メリット3 幅広い用途で使える部屋ができる
防音室は、楽器の演奏やホームシアター、自宅カラオケなど、特別に大きな音が生じる行動をとる方が、近隣に配慮する目的で作るケースが多いです。ただ、自宅に防音室があれば、こういった音が生じる行動以外の用途にも使えるのです。新築時に防音室を用意した方の中には、この点をメリットとして指摘する方が意外に多いです。
そもそも防音室というものは、室内で発生させる音が外に漏れないようにするための部屋です。ただ、室内の音が漏れない防音性を保持するということは、部屋の外で生じた音も入って来ない環境を作れるという意味でもあるのです。つまり、防音室を用意すれば、楽器演奏など以外に、自宅で仕事や勉強に集中する部屋を作れる、静かに読書を楽しむための部屋として利用できるなど、さまざまな用途に活用できる場所となるのです。
昨今では、テレワークなどの新しい働き方や、一般個人が動画配信を楽しむようになっています。防音室は、こういった時にも便利に使えるという用途の広さが大きなメリットになります。
メリット4 リフォーム時と比較するとコスト的なメリットが得られる
新築時に防音室を作る場合、後からリフォームして防音工事を行うよりも安く防音室が作れるという点もメリットです。
一般的な防音室は、居室に防音対策を施すことで必要な防音性能を実現します。例えば、窓に関して防音性の高い窓にサッシごと交換する、内側に窓を設置して二重窓にする、壁や床に関しては、既存の壁や床を一度解体して、内部に吸音材や遮音材を設置したうえで浮き構造にするといった対策が施されます。一方、新築時に防音室を作る場合、最初から高い防音性を保持する部屋にするため、壁や床の構造を設計することができるのです。

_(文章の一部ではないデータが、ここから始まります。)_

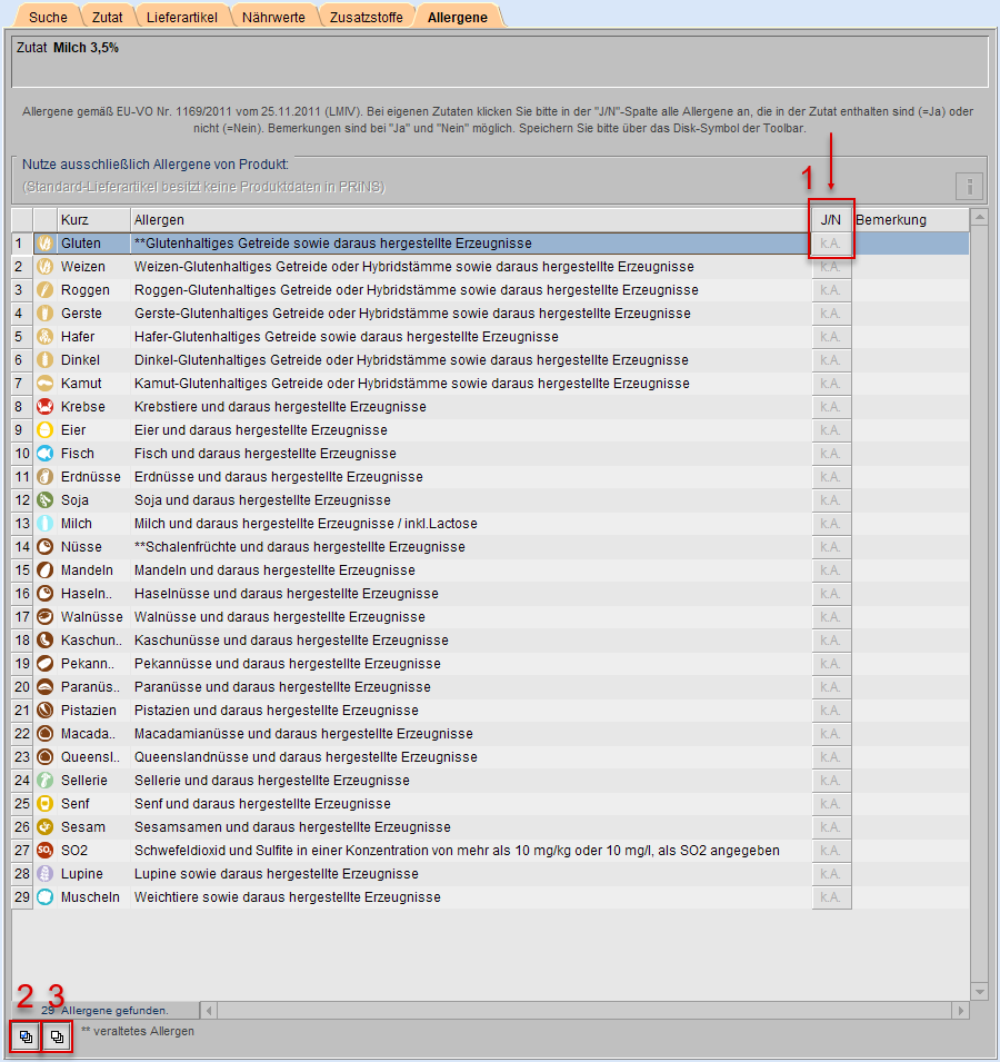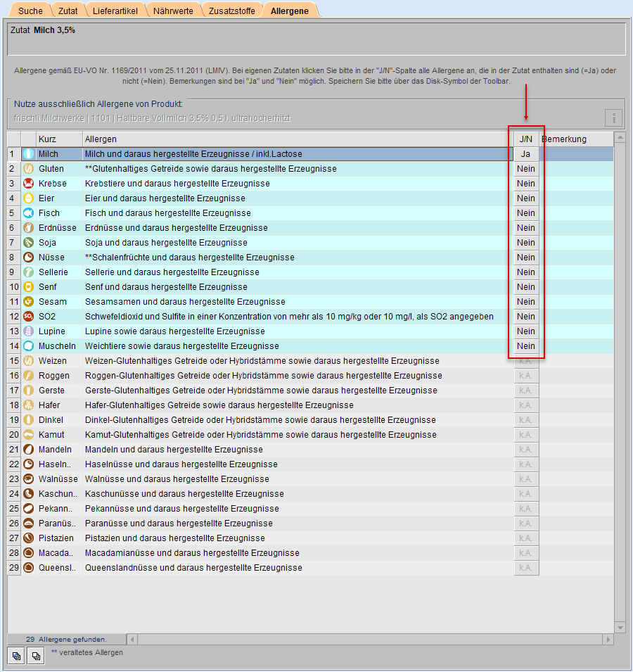 Sie markieren die Allergene mit Klick in die Spalte J/N (s. Markierung 1).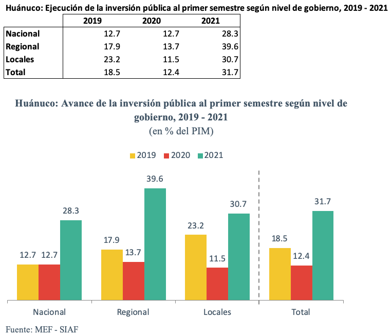 Según niveles de gobierno, el Gobierno regional presenta el mayor avance de la inversión (40%) en este periodo. Ello se atribuye al mayor gasto en proyectos de educación y salud, entre los que resalta el avance de 63% del presupuesto asignado este año al proyecto de mejoramiento del Hospital Regional Hermilio Valdizán. Por su parte, el Gobierno nacional y los gobiernos locales registran porcentajes de ejecución de 28% y 31% respectivamente.

リフォームの場合、既存の部屋の解体という工程が必要になるのですが、新築時の場合は、この解体工事が不要となります。そのため、工期が短くなる、人工が少なくて済む、廃材の処理量が少なくなるため、防音室にかけるコストが大幅に削減できるのです。また、新築時であれば、金利が安い住宅ローンに防音室の工事費を含める事ができるため、その点でもコスト的なメリットが得られます。
※ハウスメーカーの中には、防音工事の同時進行を認めてくれない業者があります。その場合、ハウスメーカーが一度部屋を作り、新築住宅に対してリフォームを施すといった工程になり、コスト的なメリットが得られなくなるので注意しましょう。新築時に防音室を実現する場合、防音室の部分だけ外部の防音工事業者と協力して工事を進めることができるのかを最初に確認しておきましょう。
メリット5 利便性の高い防音室を作りやすい
新築時に防音室を用意する場合、リフォームで実現する防音室よりも、動線の面などで使い勝手が良くなるという点もメリットです。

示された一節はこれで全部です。